> _Exercise_:
Exactly as they appear below, repeat the lines from the one with "Pinxixi simple colorful" through the one with "ランダムに転がったボールをカ". Drop every picture.

> _Data for this exercise_:
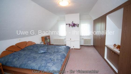 Über eine Treppe in der Diele gelangen sie in das Dachgeschoss. Hier befinden sich zwei weitere große Zimmer, die sich gleichermaßen als Schlaf- oder Kinderzimmer eignen würden. Weiterhin befindet sich in einem Zimmer ein großzügiger, praktischer Einbauschrank in der Dachschräge.
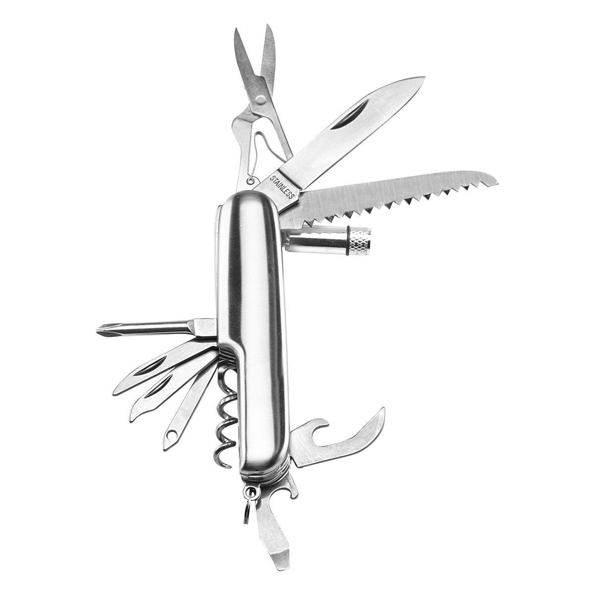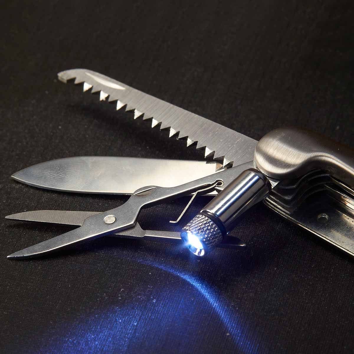 1 LED y 11 funciones. Incluye 3 baterías de botón y funda.
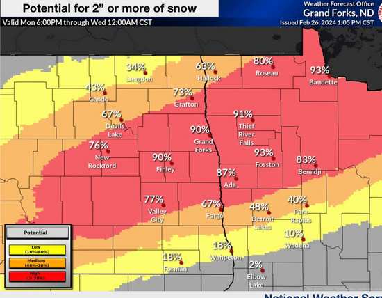 WINTER STORM WARNING ISSUED FOR TUESDAY IN THE RED RIVER VALLEY
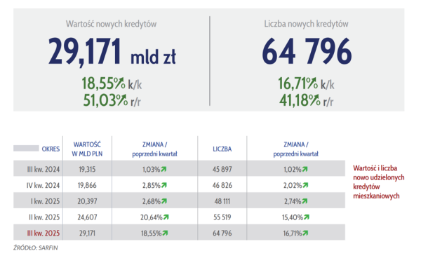 W kwestii wartościowej progresje są jeszcze bardziejwyraźne. Do kredytobiorców powędrowało w III kw. 2025 r. 29,1 mld złwsparcia finansowego. To o 18,5 proc. więcej niż w okresie od kwietnia do czerwca i aż o51,3 proc. więcej niż w III kw. 2024 r. Jest niemal pewne, iż 2025 r. okażesię najlepszym rokiem w historii rynku pod względem wielkości finansowania. Zostanieprzekroczona bariera 100 mld zł i rekord niepobity od czasu boomu hipotecznego z 2021r.
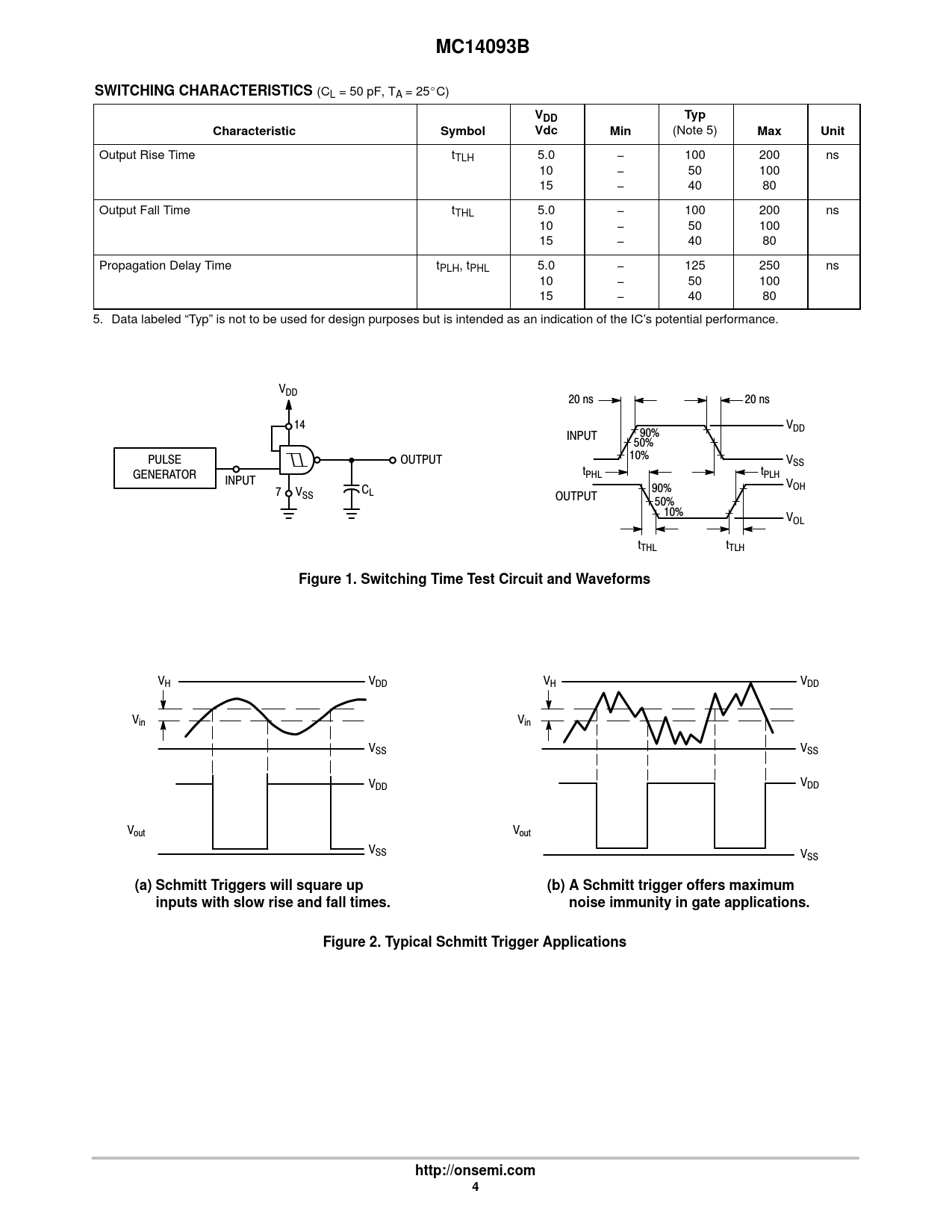 (a) Schmitt Triggers will square up (b) A Schmitt trigger offers maximum (a) inputs with slow rise and fall times. (b) noise immunity in gate applications. Figure 2. Typical Schmitt Trigger Applications http://onsemi.com 4
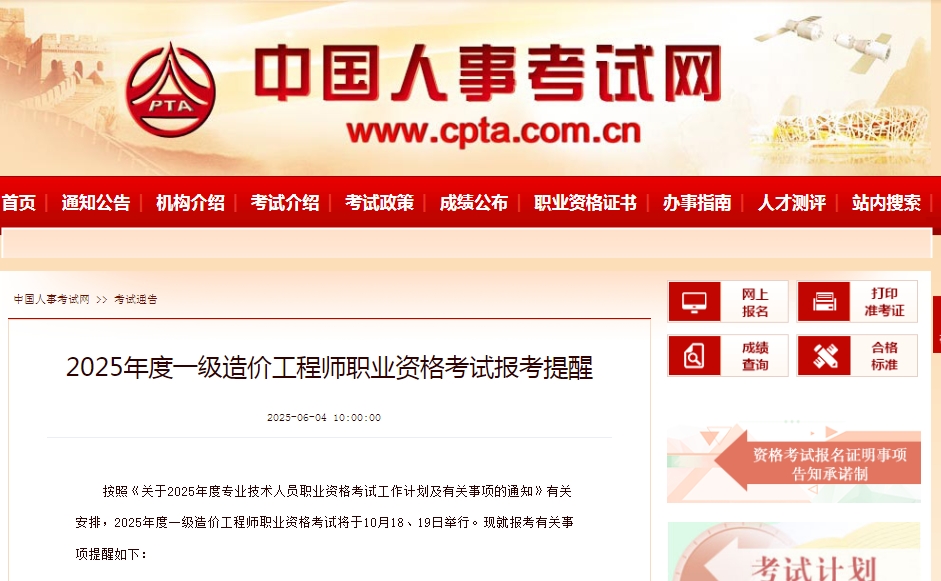 2025 年度一级造价工程师职业资格考试报名与考试时间通知
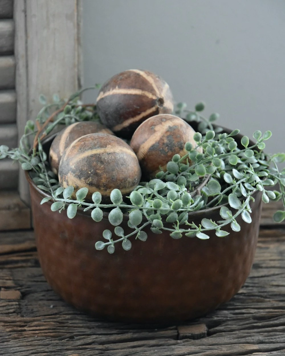 U kunt de heel mooi gebruiken op bijvoorbeeld het aanrecht of de keukentafel met gedroogde bonen en vruchten en een tak. Of opmaken met vetplanten, mos wat dennenappels…. (let op, wij adviseren altijd om een binnenschaal of plastic te gebruiken voor het behoud van de schaal of pot). Deze schaal kent heel veel mogelijkheden en is ook in een grotere variant verkrijgbaar.
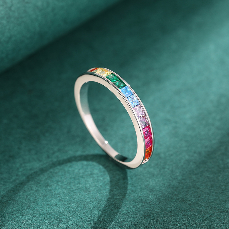 Pinxixi simple colorful zircon ring female fashion personality ring minimalist fashionable creative design
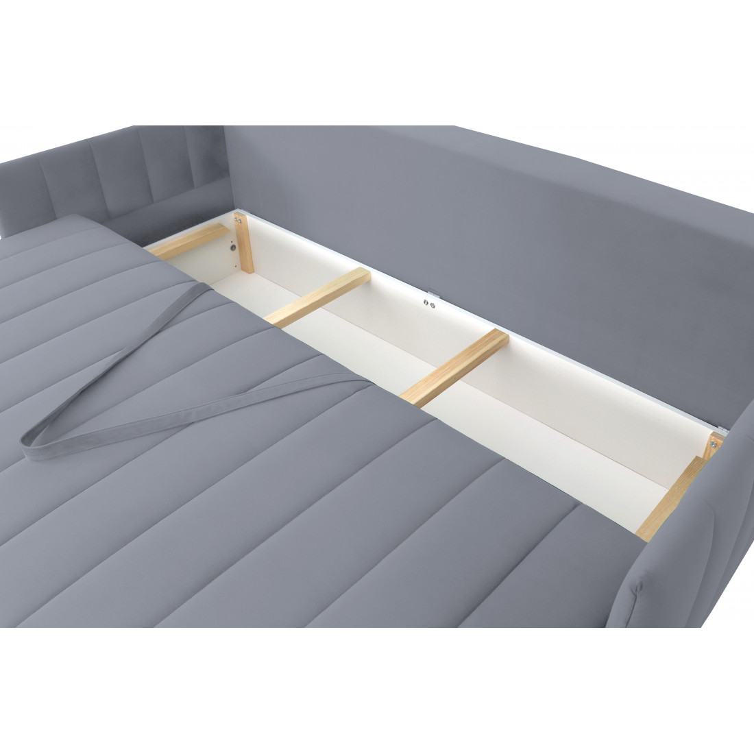 Диван удачно зонирует пространство и дополняет необходимым функционалом. В основании спального места блок независимых пружин для комфортного сна. Вместительный ящик для хранения постельных принадлежностей.
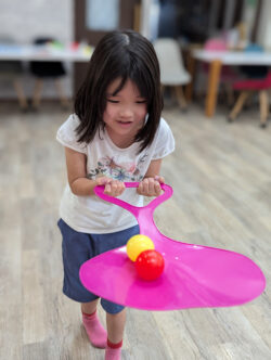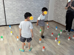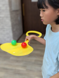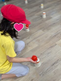 ランダムに転がったボールをカップの上に乗せるというトレーニングと、ボールを落とさずに運ぶという2種類のトレーニングを行いました。
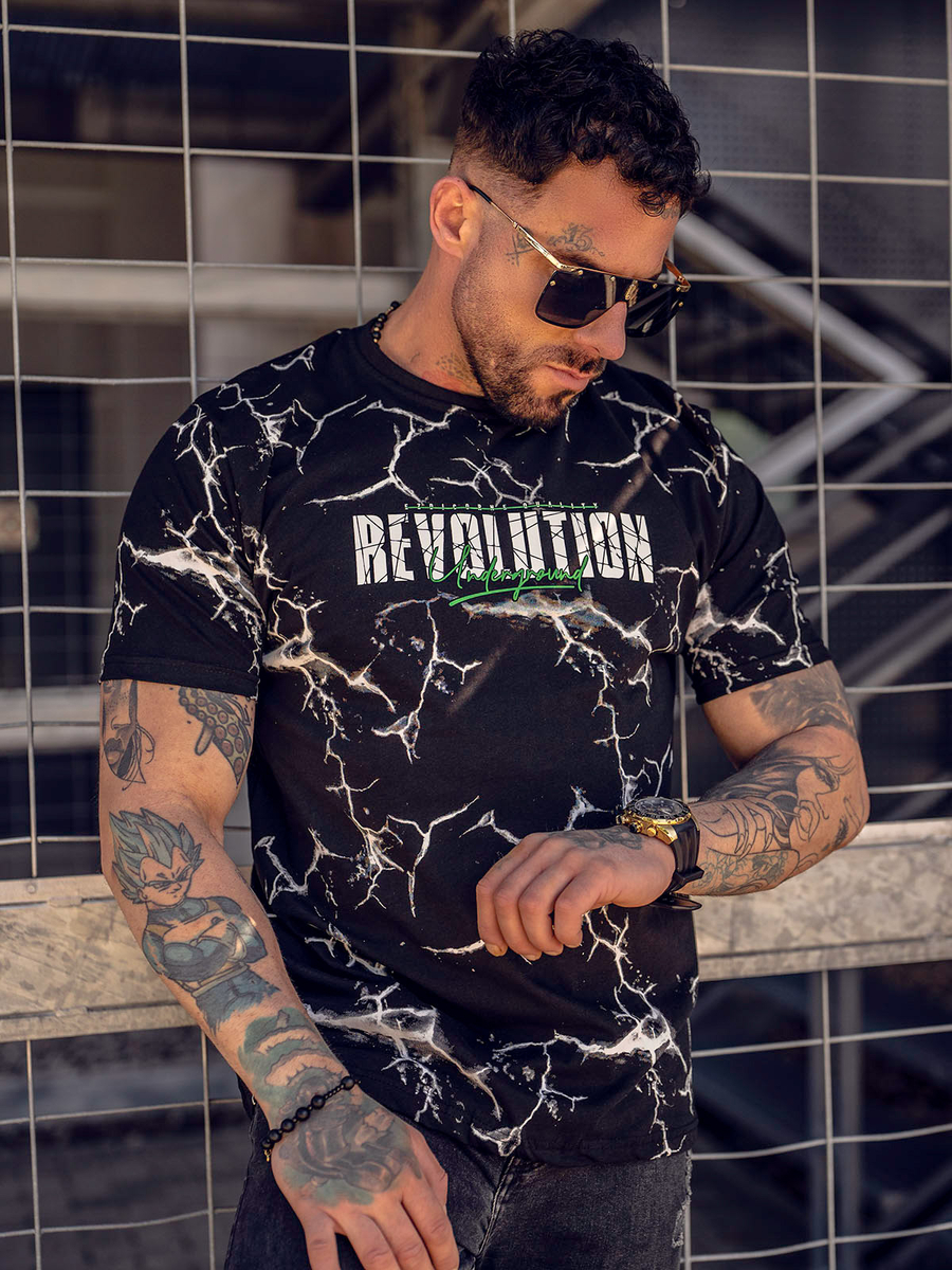 Tricoul bărbătesc din bumbac imprimat Bolf 14717A se va potrivi bine cu o jachetă bomber și pantaloni militari. Decolteul rotund și partea de jos dreaptă a tricoului subliniază bine silueta. Materialul din care este fabricat este plăcut la atingere, flexibil și aerisit. Tricoul este perfect atât pentru purtarea de zi cu zi, cât și pentru sală. Imprimeul de pe față și pe mâneci adaugă caracter. Tricou disponibil în mai multe culori și mărimi: M, L, XL și 2XL.
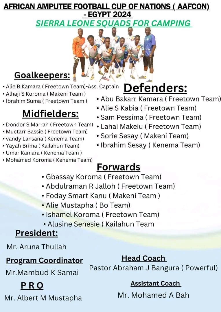 The Head Coach of Sierra Leone Amputee Football Team, Abraham J. Bangura has announced his 21-man squad ahead of Africa Amputee Football Cup of Nations in Egypt.
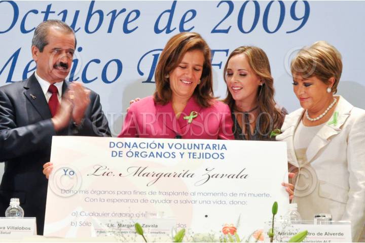 MÉXICO D.F. 08OCTUBRE2009.- Jose Ángel Cordova Villalobos, Secretario de Salud junto a la primera dama, Margarita Zavala y Adriana Castro de Alverde presidenta de la asociación de ALE y la comunicadora Lolita Ayala durante el foro México en la donación de órganos donde Margarita firmo su tarjeta de donación de órganos. FOTO: EDUARDO MORALES/CUARTOSCURO.COM
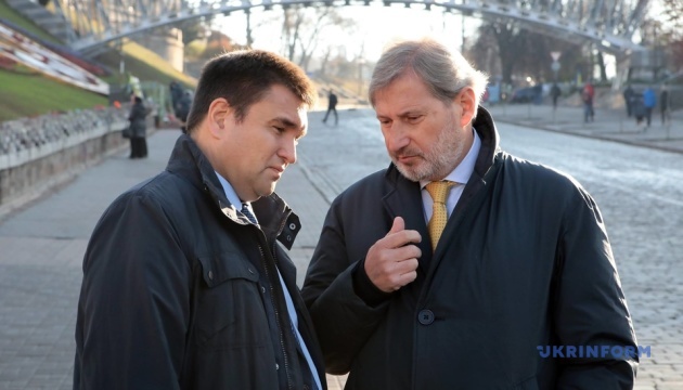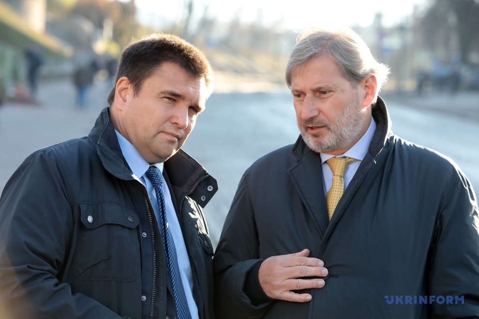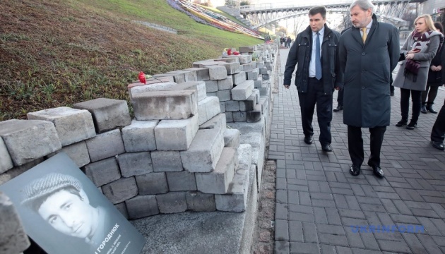 Johannes Hahn, commissaire de l'Union européenne pour la Politique régionale et de l'intégration européenne et Pavlo Klimkine, ministre des Affaires étrangères de l’Ukraine, ont déposé des fleurs au monument de la Centurie Céleste à Kyiv.
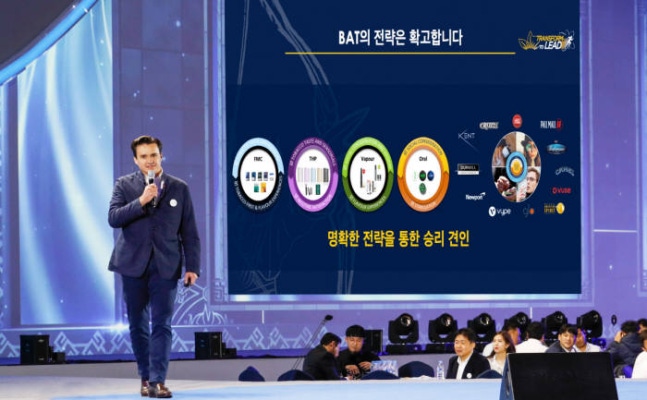 매튜 쥬에리 BAT코리아 사장이 25일부터 이틀간 경주 화백센터에서 진행된 2019 전국 세일즈 컨퍼런스에서 발표를 하고 있다.브리티쉬 아메리칸 토바코 코리아(BAT코리아)가 25일부터 1박 2일에 걸쳐 경주 화백컨벤션센터에서 전략적 리더십 컨퍼런스와 연계한 2019 전국 세일즈 컨퍼런스를 개최했다고 28일 밝혔다.

> _Answer_:
 Pinxixi simple colorful zircon ring female fashion personality ring minimalist fashionable creative design
 Диван удачно зонирует пространство и дополняет необходимым функционалом. В основании спального места блок независимых пружин для комфортного сна. Вместительный ящик для хранения постельных принадлежностей.
 ランダムに転がったボールをカップの上に乗せるというトレーニングと、ボールを落とさずに運ぶという2種類のトレーニングを行いました。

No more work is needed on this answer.